- _Supplied data_:

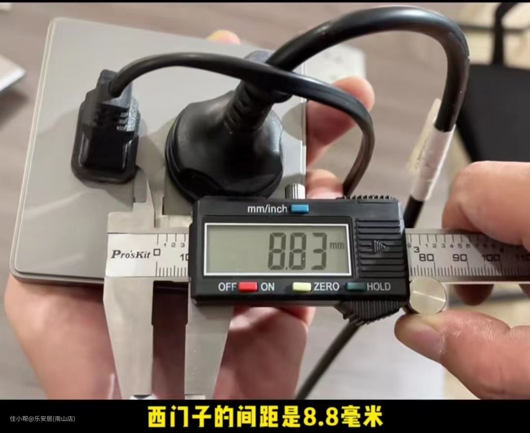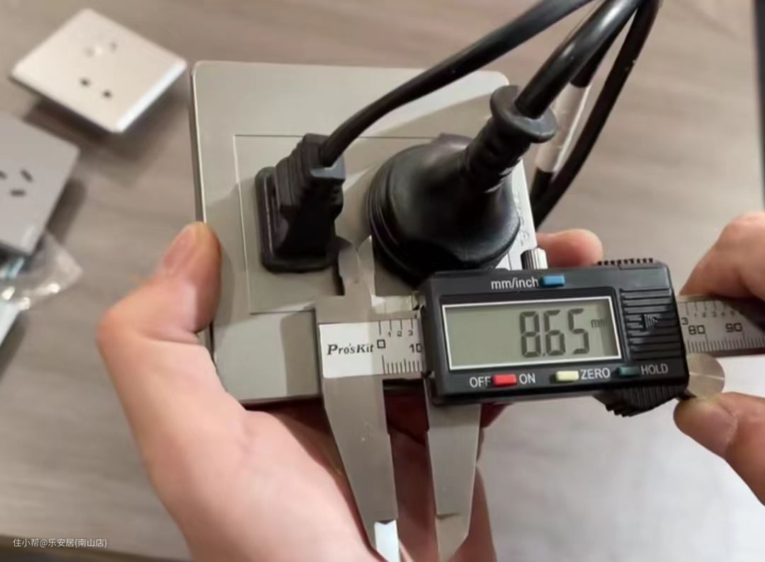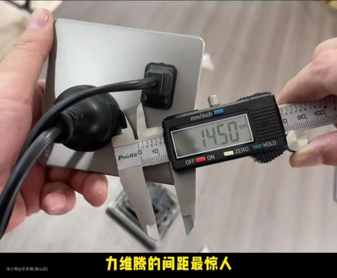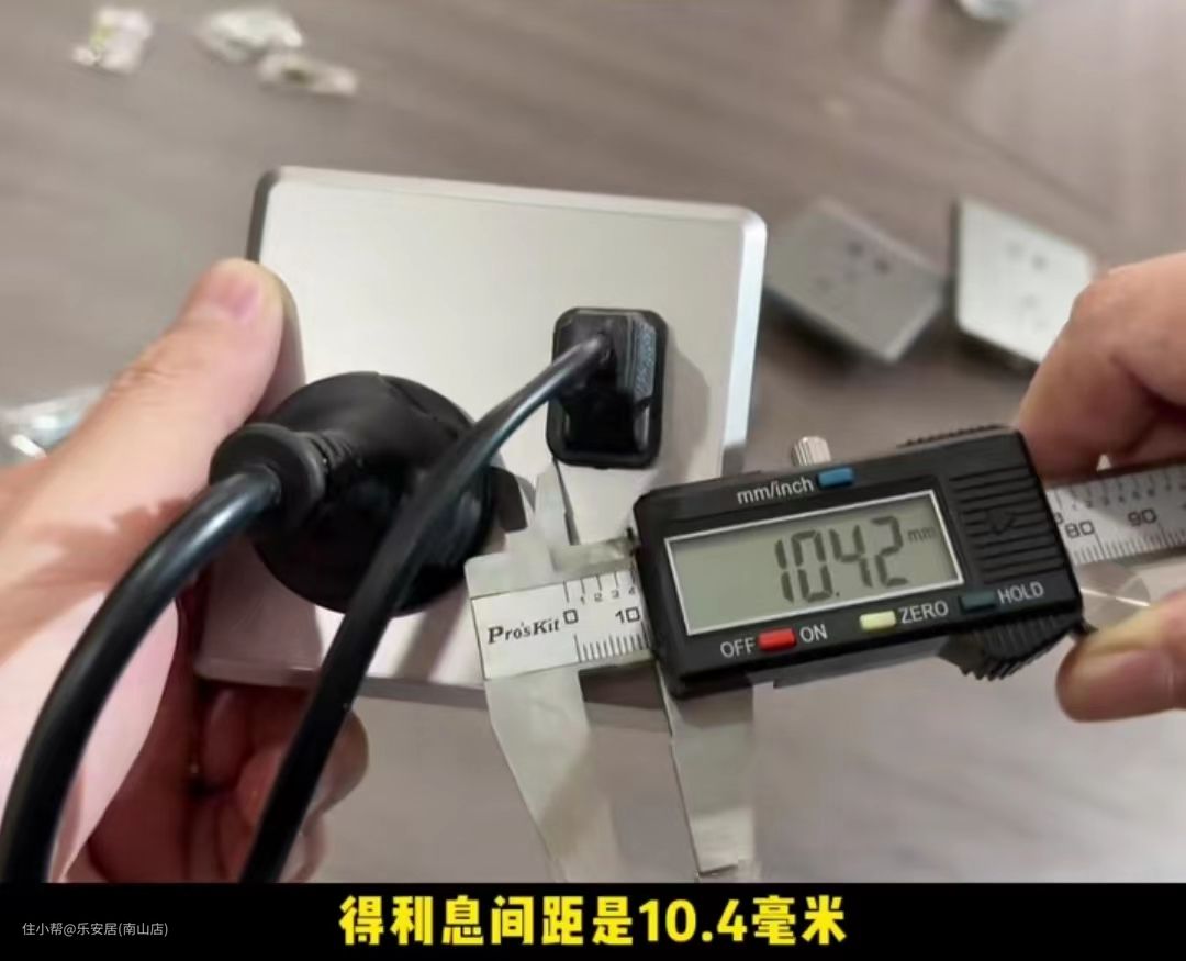 3、再来对比无孔间距,间距大就意味着两个插座可以同时使用,更加便捷。在测量一下孔距,我们同时插两个插头,对比之后发现,欧普的间距是4.2毫米,公牛的间距是8.6毫米,西门子的间距是8.8毫米,德力西间距是10.4毫米,立维腾的间距最惊人,达到了14.5毫米。这里面表现差一些的是欧普,这一款插座间距就很小,用大点的手机充电器就很难再插三项插头了,立维腾和德力西都是斜五孔,用起来更友好了。
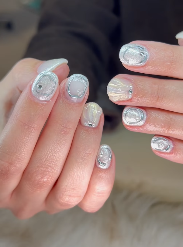 Silberne Nägel feiern 2026 ihr großes Comeback – moderner, minimalistischer und futuristischer als je zuvor. Das hier gezeigte Nageldesign kombiniert hochglänzenden Chrome-Effekt mit zarten Nude-Elementen und plastischen 3D-Details. Das Ergebnis: ein avantgardistischer Look, der Eleganz und High-Fashion perfekt vereint.
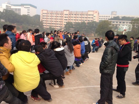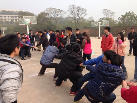 2013年12月21日(星期六)上午,拔河比赛在365英国上市集团雨母校区老篮球场正式开始。参加本次比赛的学院共有八个,每个学院选出男女混合代表队,每个学院均有同学到场观看比赛,并为选手们加油、鼓劲。

- _Task description_: When you retype the material above, copy each line exactly and drop whatever images appear in it.

- _Answer to the exercise_:
 3、再来对比无孔间距,间距大就意味着两个插座可以同时使用,更加便捷。在测量一下孔距,我们同时插两个插头,对比之后发现,欧普的间距是4.2毫米,公牛的间距是8.6毫米,西门子的间距是8.8毫米,德力西间距是10.4毫米,立维腾的间距最惊人,达到了14.5毫米。这里面表现差一些的是欧普,这一款插座间距就很小,用大点的手机充电器就很难再插三项插头了,立维腾和德力西都是斜五孔,用起来更友好了。
 Silberne Nägel feiern 2026 ihr großes Comeback – moderner, minimalistischer und futuristischer als je zuvor. Das hier gezeigte Nageldesign kombiniert hochglänzenden Chrome-Effekt mit zarten Nude-Elementen und plastischen 3D-Details. Das Ergebnis: ein avantgardistischer Look, der Eleganz und High-Fashion perfekt vereint.
 2013年12月21日(星期六)上午,拔河比赛在365英国上市集团雨母校区老篮球场正式开始。参加本次比赛的学院共有八个,每个学院选出男女混合代表队,每个学院均有同学到场观看比赛,并为选手们加油、鼓劲。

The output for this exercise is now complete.